INSOLVENCY AND BANKRUPTCY LAWS UNIT II
Corporate insolvency can be a daunting process, both for affected companies and their creditors. Understanding the corporate insolvency resolution process (CIRP) is crucial for stakeholders involved in business operations. The following sections will break down the various elements of the CIRP, including initiation, timelines, fast track processes, procedures, and liquidation.
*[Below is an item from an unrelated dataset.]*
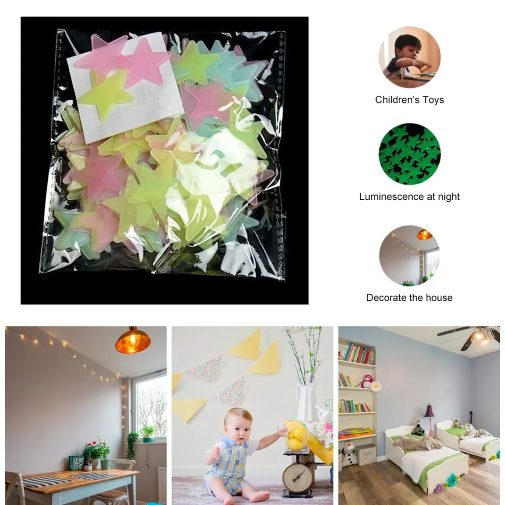 100 шт. Светящиеся Настенные Стикеры с флуоресцентной звездой, наклейки для спальни, детской комнаты, гостиной, Декорации для дома, 3D мягкий светильникОсобенности:Простота в эксплуатации: не требуется переносная пленка, просто отклеивайте и Приклеивайте до тех пор, пока поверхность гладкая, не Приклеивайте к шероховатой или неровной поверхности.Есть два разных цвета в дневное и ночное время, оригинальный цвет в дневное время, Флуоресцентный цвет в ночное время.Без каких-либо остатков, оставленных после снятия, очень легко чистить.Он может светиться ночью, чтобы создать спокойную и мягкую атмосферу благодаря вашему воображению.Светящаяся паста полностью экологически чистые пластиковые материалы.Милая Наклейка на стену для вашего дома или спальни, идеальный способ украсить вашу комнату и выразить себя.

Corporate insolvency can be a daunting process, both for affected companies and their creditors. Understanding the corporate insolvency resolution process (CIRP) is crucial for stakeholders involved in business operations. The following sections will break down the various elements of the CIRP, including initiation, timelines, fast track processes, procedures, and liquidation.
Persons Who May Initiate the Process (Sec. 6 to 11)
The initiation of the Corporate Insolvency Resolution Process can be undertaken by various parties as per the provisions outlined in Sections 6 to 11 of the Insolvency and Bankruptcy Code (IBC).
One of the primary entities that can initiate the CIRP is the corporate debtor itself. This affords companies the opportunity to take proactive measures to address their financial distress before it escalates beyond management’s control.
Creditors are also pivotal in this process, as they can file for the CIRP when they believe that the corporate debtor is unable to pay its dues. Secured creditors, such as banks or individuals who hold collateral against loans, and operational creditors, who provide goods or services without immediate payment, have distinct rights and obligations when initiating the CIRP.
Additionally, the corporate debtor's shareholders or partners can initiate the process under specific conditions. Such provisions are essential in ensuring that all relevant parties can seek resolution for their financial grievances.